JOHN DUGDALE
JOHN DUGDALE (born 1960 in Connecticut) attended the School of the Visual Arts in New York City where he majored in photography and art history. In 1983 his photographic work was first presented in a solo exhibition at Vienna‘s Molotov Art Gallery. The show and the catalogue were curated by Christian Michelides, the founder of the gallery. Thereafter he started a successful decade long commercial career working for such clients as Bergdorf Goodman, Martha Stewart and Ralph Lauren.
In 1993, at the age of 33, Dugdale experienced nearly total blindness due to a stroke and CMV retinitis, an HIV-related illness. He became completely blind in his right eye and lost eighty percent visibility in his left eye. He lost his remaining vision in 2010. This tragic event ended his successful commercial career, but he decided to persist in photography and started to explore techniques from the 19th century for fine art photography, using friends and family as assistants. Since then Dugdale has worked with large format cameras, creating cyanotype prints, platinum prints – using the albumen process which became the dominant form of photographic positives from 1855 to the turn of the 20th century. His sensibility for bygone techniques emphasizes the poetics of his work and the transcendence of time and place, seemingly transporting the imagery to a different era. A quote of the nearly blind photographer: “The mind is the essence of your sight. It’s really the mind that sees.”

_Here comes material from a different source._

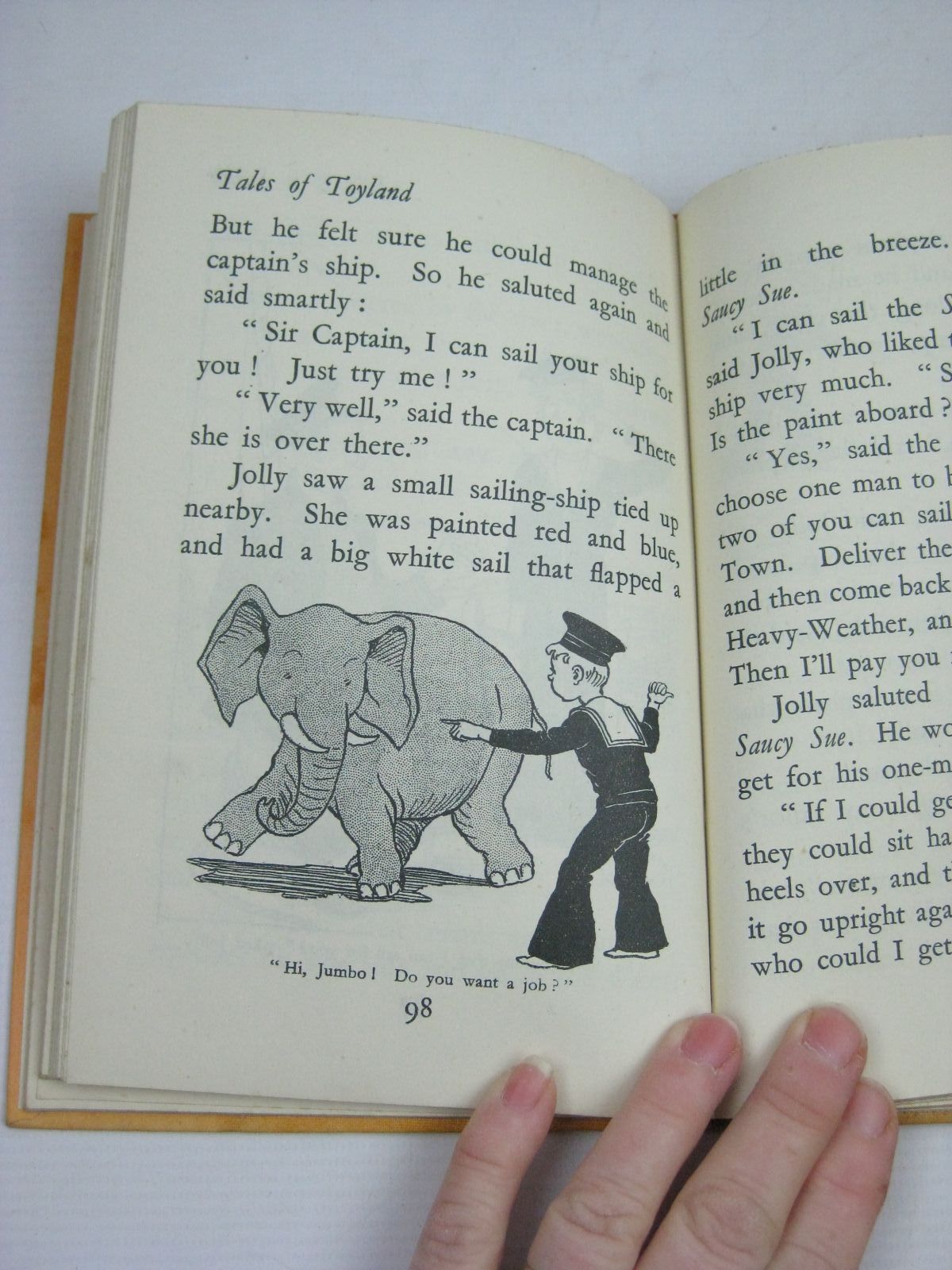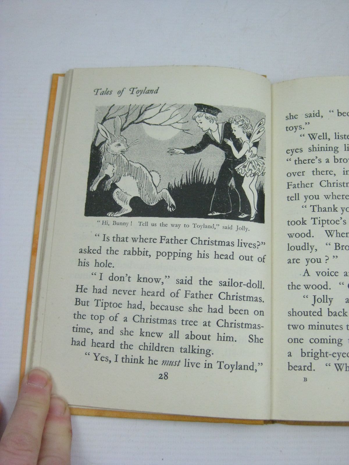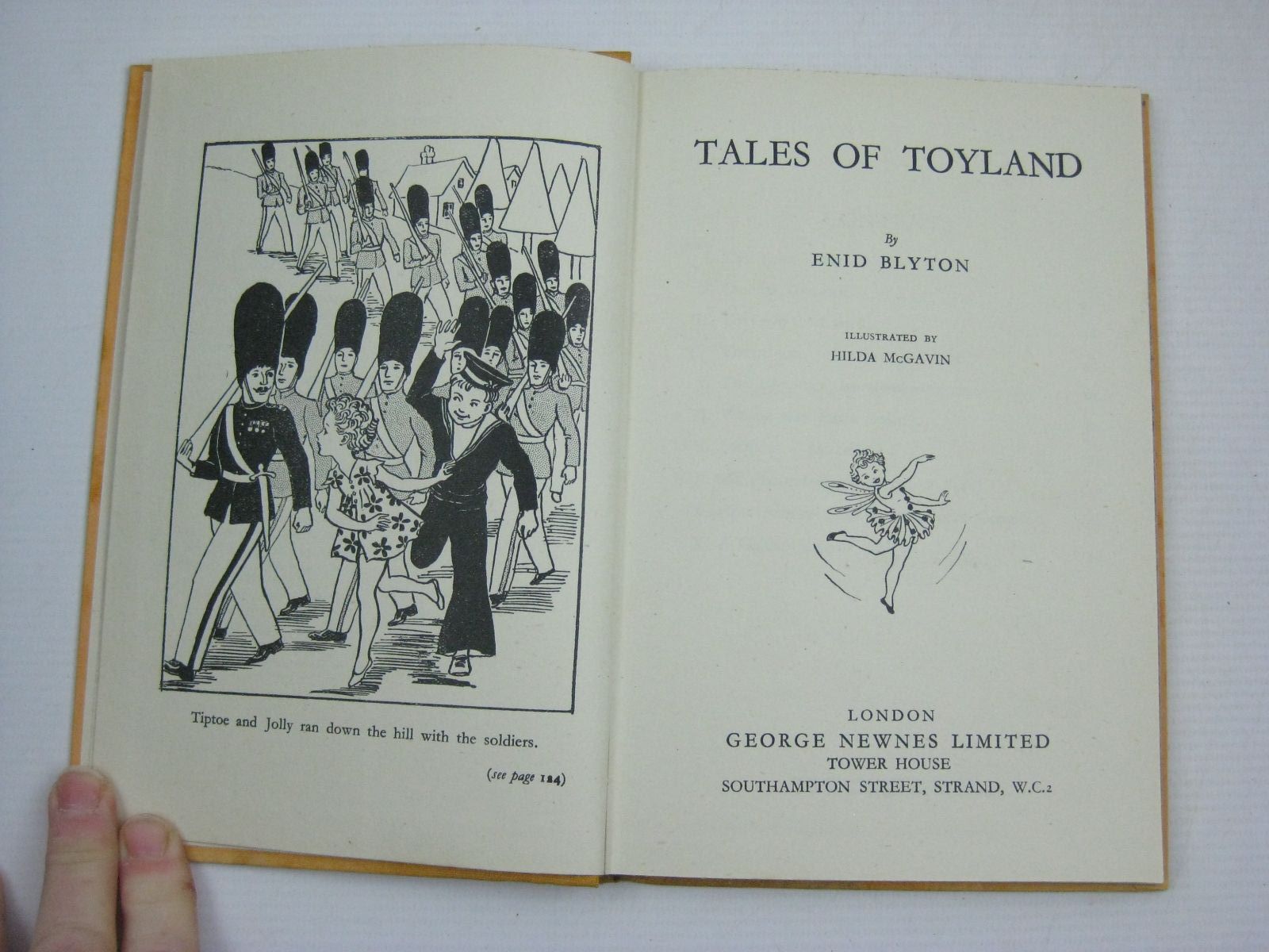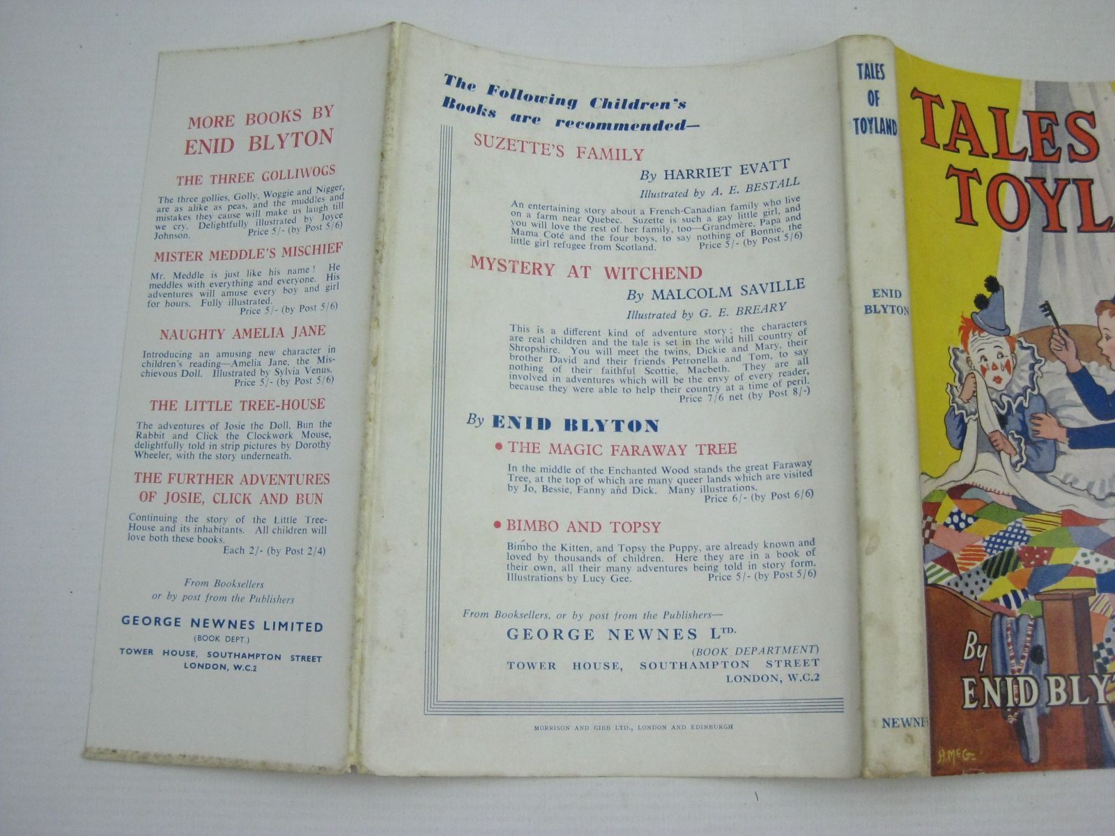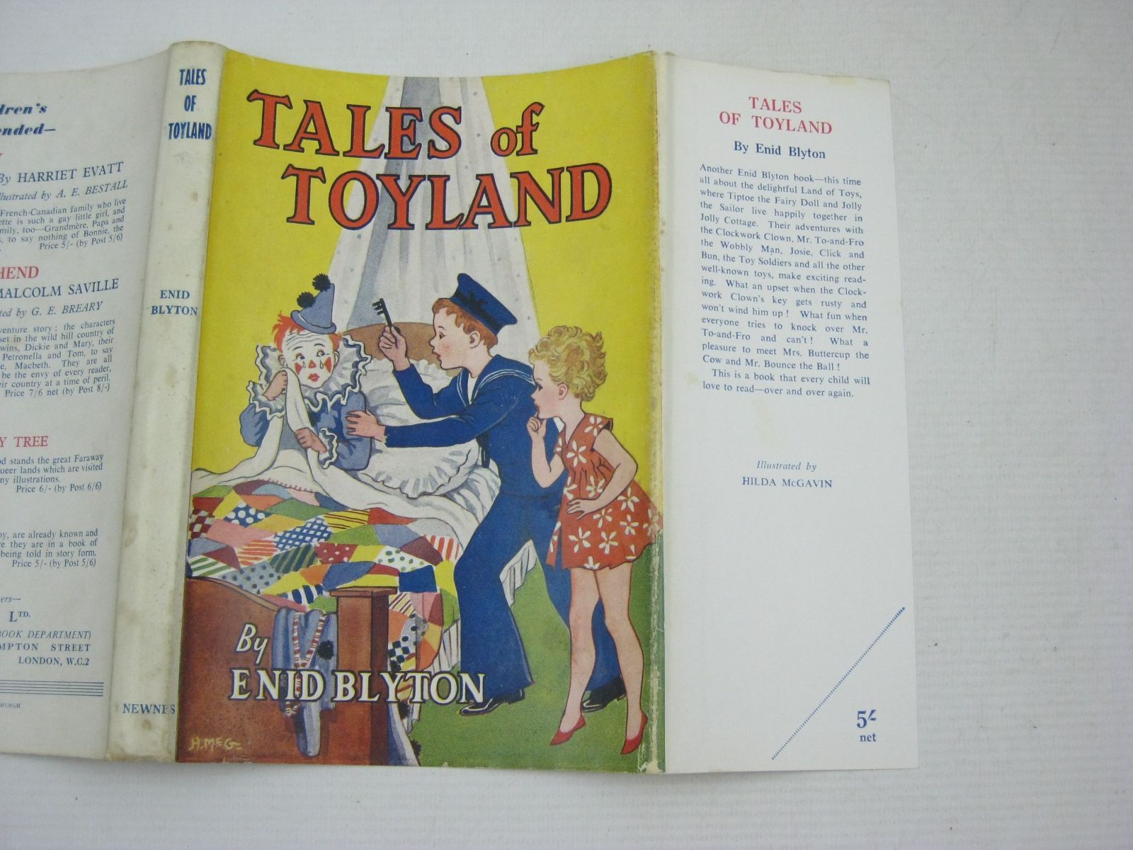 Almost very good condition in a almost very good dustwrapper. Another Enid Blyton book - this time all about the delightful Land of Toys, where Tiptoe the Fairy Doll and Jolly the Sailor live happily together in Jolly Cottage... Light orange cloth, red titles. B/w illustrations. Large text. 152 pages.

Dugdale has exhibited in over 25 solo shows in galleries all over the world. His work has been seen in group shows at the Miami Art Museum, at the High Museum of Art in Atlanta and at the Aldrich Contemporary Art Museum in Ridgefield; his photographs are included in the collections of the Metropolitan Museum of Art and The Whitney Museum in New York as well as in the Museum of Fine Arts, Houston. The artist has been inducted into the Royal Photographic Society in Bath and he spoke on BBC, NPR, at universities and other public and private events where he continues to discuss 19th century photographic processes as well as his own aesthetic point of view – answering questions pertaining to what it means “to see.”